Assigned task:
Beneath this line are entries. Copy the range from the line with "最后,由邵际树、曾明志分别代" to the line with "Пешки бьют по", ends included, exactly; leave pictures out.

---------- Available data

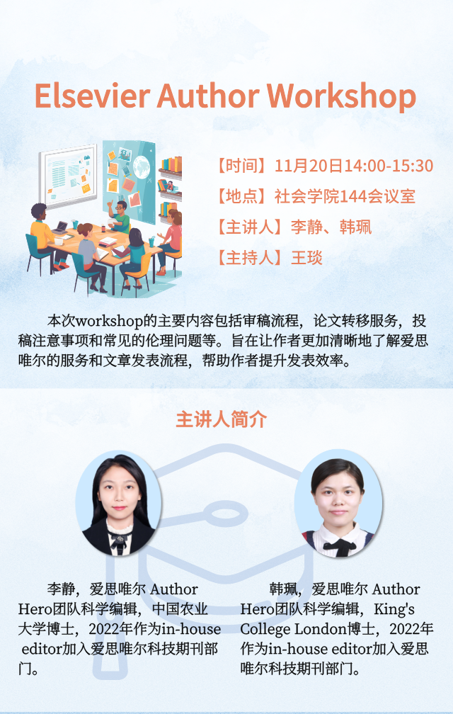 本次workshop的主要内容包括审稿流程,论文转移服务,投稿注意事项和常见的伦理问题等。旨在让作者更加清晰地了解爱思唯尔的服务和文章发表流程,帮助作者提升发表效率。
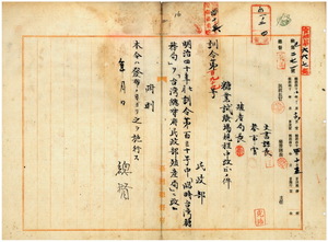 二 明治四〇年七月訓令第一三〇号糖業試験場規程中「臨時台湾糖務局」ヲ「台湾総督府民政部殖産局」ニ改正ノ件(訓令第一九九号)
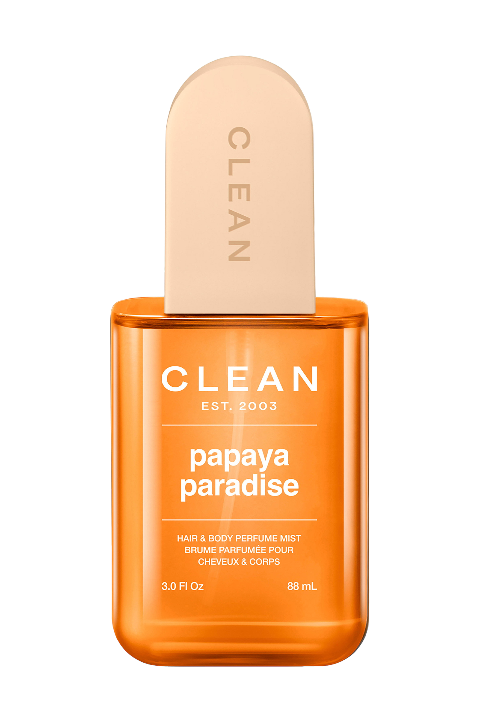 Clean Papaya Paradise Hair & Body Perfume Mist tuoksuu kuin lusikallinen auringonpaistetta tikulla - lämmin, trooppinen ja loputtoman unenomainen. Tuoksu avautuu mehukkaalla papaya, mangon ja ananaksen tuoksulla, joka vie sinut hetkessä saaristomatkalle. Kookoskerman, jasmiinin ja luumunektarin pyörre kietoo aistit auringonpaisteiseen päiväuneen, kun taas vaniljasokeri, tonkapapu ja santelipuu jättävät kultaisen hehkun auringon suutelemalle iholle. Jos haluat hedelmäisen, säteilevän ja kesäisen kerrostusyhdistelmän, yhdistä Rosé All Dayn kanssa.
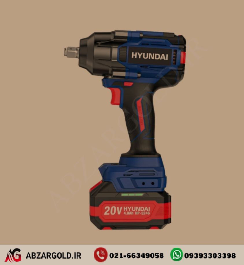 بکس شارژی براشلس 20 ولت 4 آمپر 800 نیوتن متر هیوندای مدل HP-5246 (دوباتری)
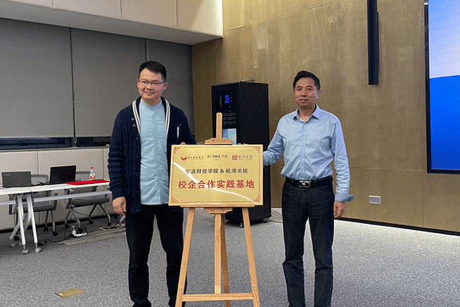 最后,由邵际树、曾明志分别代表双方签署共建校外实践基地合作协议,共同为宁波财经学院与新利娱乐网站首页登录校企合作实践基地揭牌。
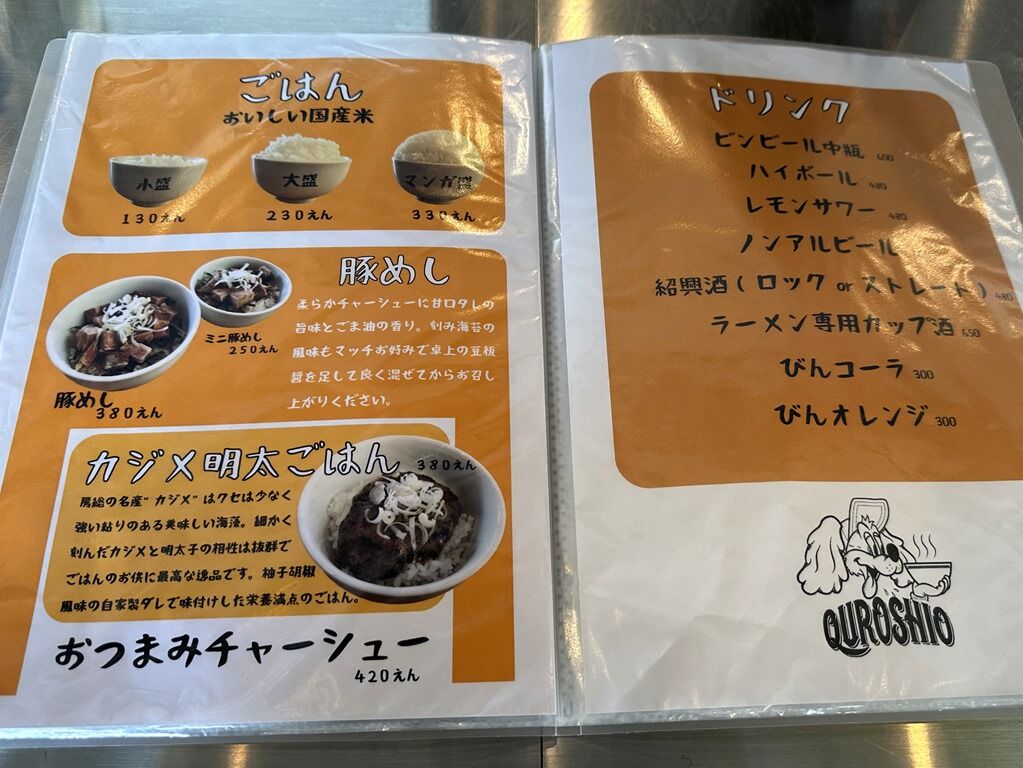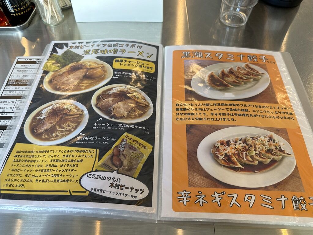 主なメニューは、黒潮ラーメン・極濃厚つけ麺・極濃厚辛つけ麺・濃厚味噌ラーメン 各980円、黒潮スタミナ餃子500円、カジメ明太ご飯380円、ミニ豚めし250円、他。
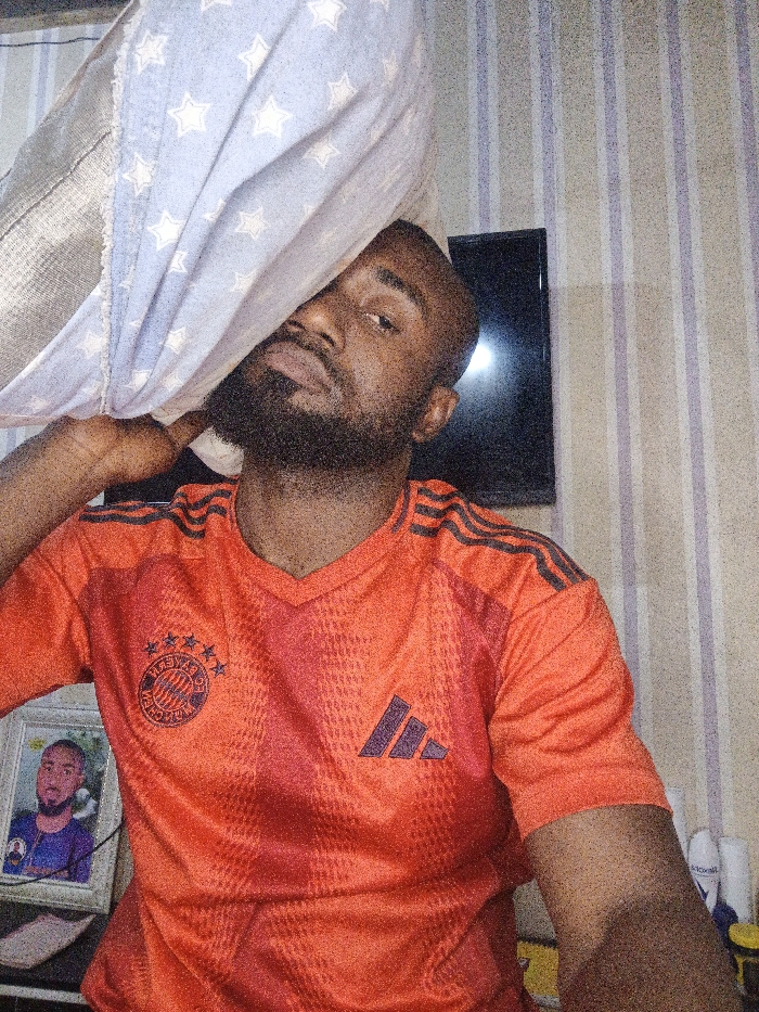 A bearded man in an orange FC Bayern Munich jersey holds a patterned pillow over his head. His face shows clearly, a TV screen is behind him. In the background, a striped wallpaper is noticeable. Also, to the left a framed photo of a person can be seen. The photo is on a bedside table with multiple objects.
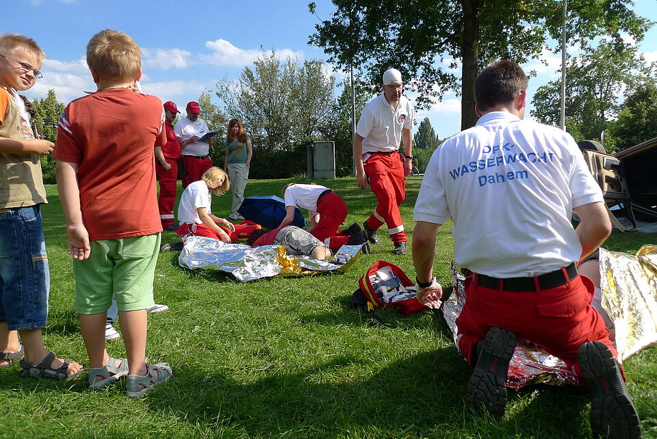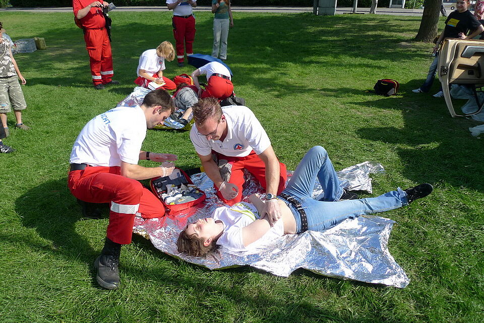 Die Teilnehmer wurden an den 11 Wettbewerbsstationen mit sehr realistisch dargestellten Unfallszenarien konfrontiert. So wurde u.a. ein Unfall zwischen Auto und Fahrradfahrerin, ein Grillunfall, ein Starkstromunfall und ein Bootsunglück inszeniert.
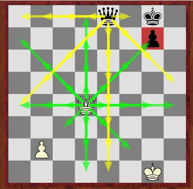 Пешки бьют по диагонали, они не могут ударить по горизонтали, вперед или назад.
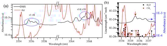 The absorption peak wavelength and strength of DMS candidate regions are listed as well as the spectral information of possible interferences from air absorptions. In Figure 1a,b and Table 1, there are about three main absorption peaks at the ν1/ν8-band between 3333.7 and 3337.8 nm, and the ν1/ν8-band of 3336.710 nm suffers much lower interference than ν14/ν18-band of 3367.229 nm, including the magnitude of interference and distance between the absorption line and the interference line. Thus, we chose 3333.7–3337.8 nm as our ultimate selection for DMS measurement with comprehensive consideration. Furthermore, although CH4 and H2O have less interference in the absorption of DMS, they are located at the working range of the laser. At the same time, the absorption spectra of methane and water overlap each other, thus it is necessary to obtain the concentration of three gases simultaneously by using the MCSF.

--------------------

Solution:
 最后,由邵际树、曾明志分别代表双方签署共建校外实践基地合作协议,共同为宁波财经学院与新利娱乐网站首页登录校企合作实践基地揭牌。
 主なメニューは、黒潮ラーメン・極濃厚つけ麺・極濃厚辛つけ麺・濃厚味噌ラーメン 各980円、黒潮スタミナ餃子500円、カジメ明太ご飯380円、ミニ豚めし250円、他。
 A bearded man in an orange FC Bayern Munich jersey holds a patterned pillow over his head. His face shows clearly, a TV screen is behind him. In the background, a striped wallpaper is noticeable. Also, to the left a framed photo of a person can be seen. The photo is on a bedside table with multiple objects.
 Die Teilnehmer wurden an den 11 Wettbewerbsstationen mit sehr realistisch dargestellten Unfallszenarien konfrontiert. So wurde u.a. ein Unfall zwischen Auto und Fahrradfahrerin, ein Grillunfall, ein Starkstromunfall und ein Bootsunglück inszeniert.
 Пешки бьют по диагонали, они не могут ударить по горизонтали, вперед или назад.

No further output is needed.